The attractive component holds the stars together within a galaxy, and pulls nearby galaxies together within a galactic cluster. The repulsive component of the galactic force prevents all galaxies from merging into one object, and somewhat limiting the size of the galaxy.

The number of stars required to form a galaxy is usually 2 to 3 million stars   However, galaxies may be as large as several trillion stars (some, such as IC1101, may contain up to 100 trillion stars) .  The larger galaxies are often the result of mergers with smaller galaxies. 

Thus, stars and the dark matter around them combine to form a galaxy.  Hence, there is a new organization of matter on the galactic scale.  The galaxy itself generates a field—the Galactic Field.  There is one field for the whole galaxy. The field extends around the galaxy and within the galaxy.  The galactic field holds the stars and other matter within the galaxy. The field affects matter and light traveling near the galaxy.

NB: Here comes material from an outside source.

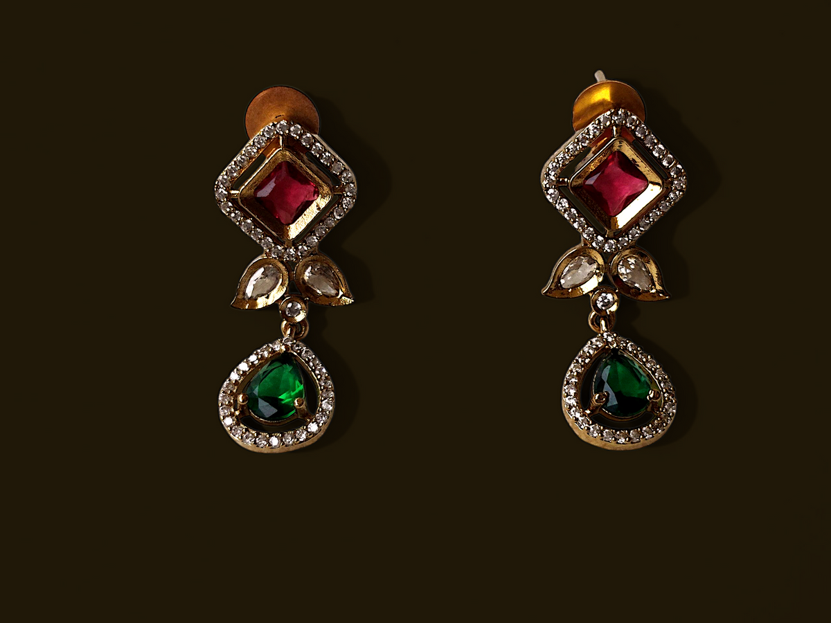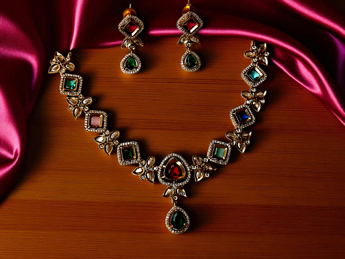 • Rich multi-colored stones (like Kundan/Navratna style).

The motion of stars in a galaxy is also complex.  The stars in the nuclear region appear to be moving in many different directions, both in and out of the plane.  Star clusters often orbit the nucleus out of plane, while stars in a spiral or elliptical galaxy follow a more elliptical orbit in the plane of the disc. 

The galactic field red-shifts light passing by or through the galaxy.  Thus, when light passes by a galaxy, the galactic field bends the path of the light, causing the light to red-shift and lose energy.  The galactic field also governs or affects the motion of the stars within a galaxy. 

The galactic field is much stronger than the gravitational field, especially at the vast distances across a galaxy (10,000 to 200,000 light years, with some as large as 4 million light years in diameter), and the millions of light years between galaxies.  At these distances, the galactic field does not drop off by the square of the distance as gravity does. The galactic force and the galactic field are a longer range and larger scale force than gravity.

Galactic nucleus

All or nearly all galaxies have a nucleus or nuclear region.  Further, a galaxy acts as an entity with and controlled by a nucleus, rather than just a bunch of individual stars.  The galactic nucleus is similar to a nucleus in an atom, or the nucleus in a cell.  Each nucleus defines a new entity, and the nucleus tends to control and define that entity.  The fact that nearly all galaxies have or develop a nucleus or nuclear region indicates that there is a new organization of matter at the galactic level.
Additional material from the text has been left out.